Я было приготовился ему ответить, но Лолитушка моя прикрыла своей ладошкой мне рот, я и сомлел сразу. Да что мне питье это проклятое, скоко я из-за него натерпелся. Капли с сего дня не приму. Хоть молодой царь трезвенников и недолюбливает. Потому как трезвая голова много думать начинает, а для этого дела у него дьяки думские предназначены. А я не дьяк. Я хоть человек необходимый, но думать мне по службе не пристало. Работа нервная и без водочки достойно сполнять ее никакой возможности нет. Но сейчас я ж не на работе и потому кубок со «Столичной» выплеснул под стол. Лежавший там старый пес Трифон вскочил, вылакал водку, оскалился и цапнул кота, который никому не мешал, сидел себе под столом и починял примус. А звали этого кота Сюзик. Этимология этого имени мне неведома. Возможно, происхождением котяра был из неметчины и давать ему православное имя было бы негоже. И тут его цапнули. Эта нерусь облизала пахнущий «Столичной» укус, взъярилась, подпрыгнула под столом, да так, что все едово на столе тоже подпрыгнуло, а жареная утка со съеденным левым крылом крякнула, взлетела с блюда и с песней «Без тебя, любимый мой, лететь с одним крылом» вылетела в сумерки. И как трагически говорила моя бабушка Фанни Михайловна: «Больше ее никто никогда не видел».
– Вот, сынок, – назидательно сказал хозяин дома, с сожалением глядя вослед спившейся утке, – вот она, водочка, до чего доводит, – и осенил всех крестным знамением. – Ну да ладно. Ты, сынок, иди с Лолитой в саду посиди, а мы с матерью о свадьбе подумаем...
Я впервые взял Лолиту за руку. Она вздрогнула и вопросительно обернулась к родителям.
– Чего уж там, – растроганно сказал старик, а матушка Ефросинья закусила уголок платка да так и осталась стоять, пока не сжевала платок без остатка.
А мы с моей обретенной наконец любовью вышли в сад и сели под старой яблоней. Смотрели сквозь листву на зарождающийся месяц и слушали вскрики птиц, которым, очевидно, приснился коршун, следили глазами за падающей звездой и уклонялись от падающих яблок, пока одно не упало мне на голову. «Надо будет на досуге о законе всемирного тяготения подумать» – возникла мысль, но тут ворота слетели с петель, и во двор влетело десятка полтора преображенцев во главе с князем Иваном.
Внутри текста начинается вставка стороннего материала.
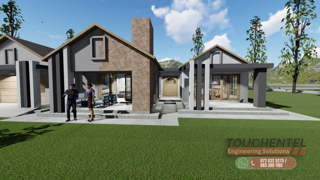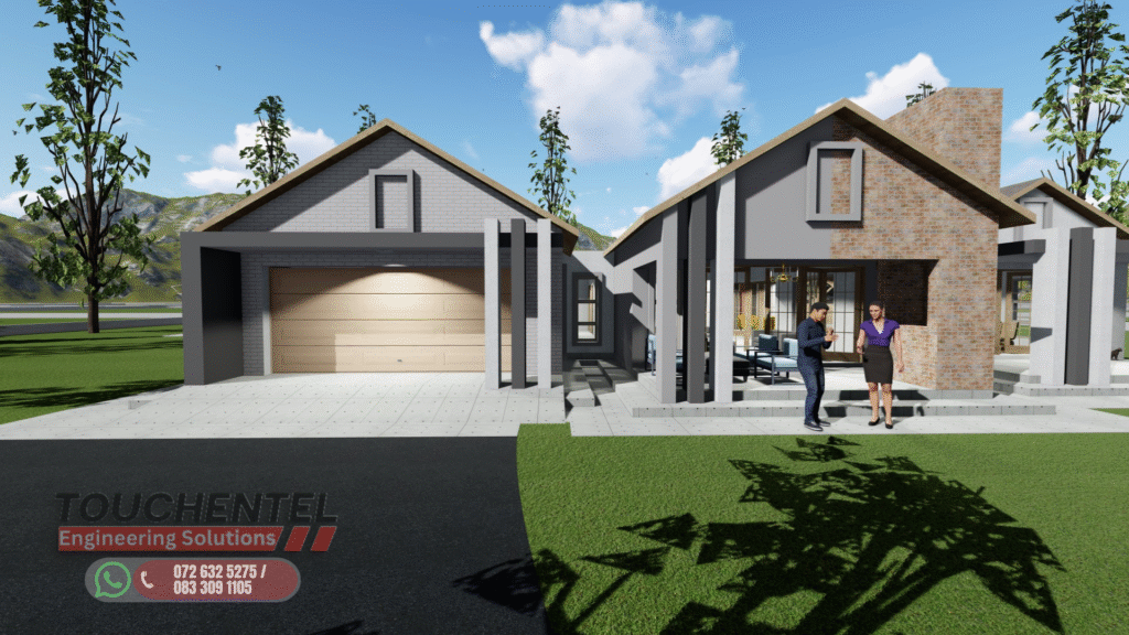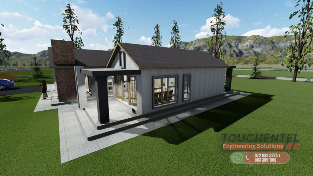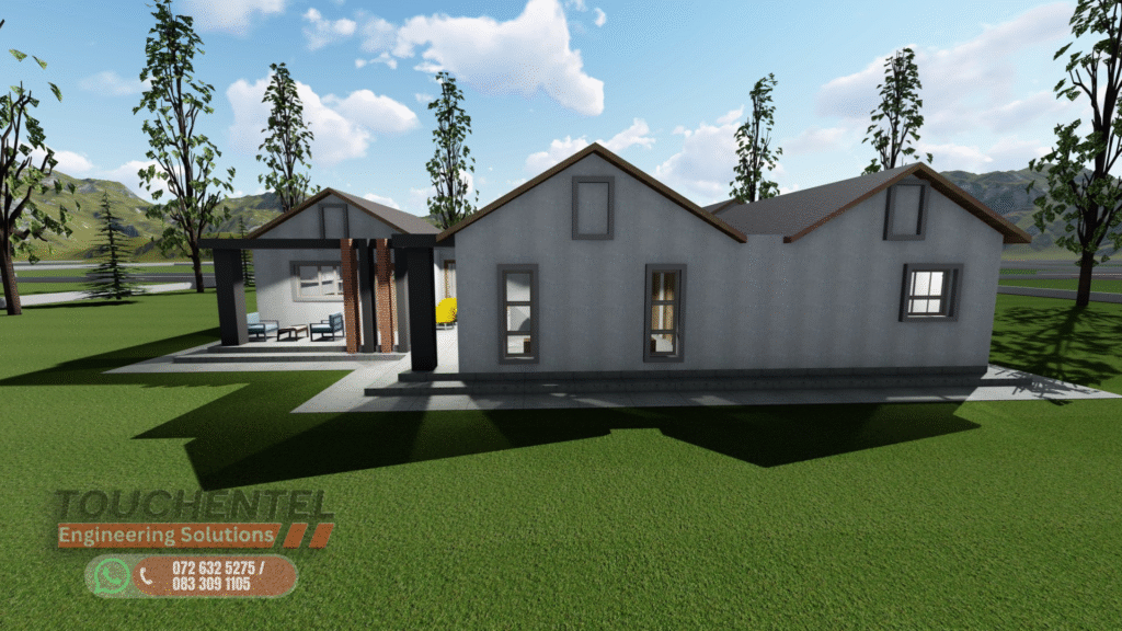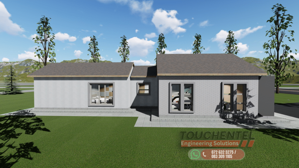 Modern Contemporary Family Home This single-story residence blends modern design with comfort and functionality. Featuring clean lines, varied roof heights, and a mix of face brick, plaster, and painted finishes, the home strikes a balance between elegance and warmth. ExteriorThe façade is carefully proportioned, with a central entrance, garage to the left, and extended living areas to the right. Large windows and sliding doors maximize natural light and create a seamless indoor–outdoor connection. Earthy tones, brick cladding, and pitched gable roofs harmonize the home with its natural surroundings, while verandas and entry steps add depth and character. InteriorThe layout is designed for family living, with open-plan lounge, dining, and kitchen areas forming the social hub. A double garage offers direct access, while three spacious bedrooms ensure comfort and privacy. The master suite includes an en-suite bathroom, complemented by a shared full bathroom for the additional bedrooms. Covered verandas extend living spaces outdoors, perfect for relaxation and entertaining. Design PhilosophyBlending modern detailing with traditional pitched-roof architecture, this home offers both durability and timeless appeal. Its thoughtful zoning, natural lighting, and functional flow make it ideal for families seeking a contemporary yet welcoming environment.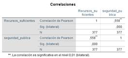 En el análisis de correlaciones de Pearson entre las variables "recursos suficientes" y "seguridad pública", se evidenció una correlación positiva moderada (r = 0,558, p < 0,01), lo que indica que a medida que aumenta la percepción de suficiencia en los recursos asignados, también mejora la percepción de seguridad en la comunidad.

Видно, его сразу же по нашем приезде вызвали, потому что он так в дорожной одежде и остался. Преображенцы окружили дом, а князь Иван поднял коня на дыбы и закрутился посередь двора, стреляя в воздух сразу из двух пистолей. В доме поднялись крики. Я вскочил:
– Чего людей пужаешь, ковбой хренов?! – и схватился за старинную татарскую саблю, добытую моим пращуром при взятии Казани.
– Остановись, Михайло! – крикнул мне Иван. – Не клади охулки на руку. По цареву приказу прибыли. – Он выхватил из-за пазухи мундира свиток с сургучной печатью, сорвал печать и проорал на всю слободу: – Указ его царского величества. Стрелецкого голову Василия Сутеева, сына Трофимова, взять в оковы со всем семейством и доставить в Пыточный Приказ по подозрению в умышлении на измену. Взять их!
Преображенцы ввалились в дом.
– А тебе, Михайло, на квартиру свою отправляться велено да к завтрашнему дню готовиться.
– Да как же так, Иван?! Это ж оговор какой-то! Да Василий Трофимыч же... Он же всегда...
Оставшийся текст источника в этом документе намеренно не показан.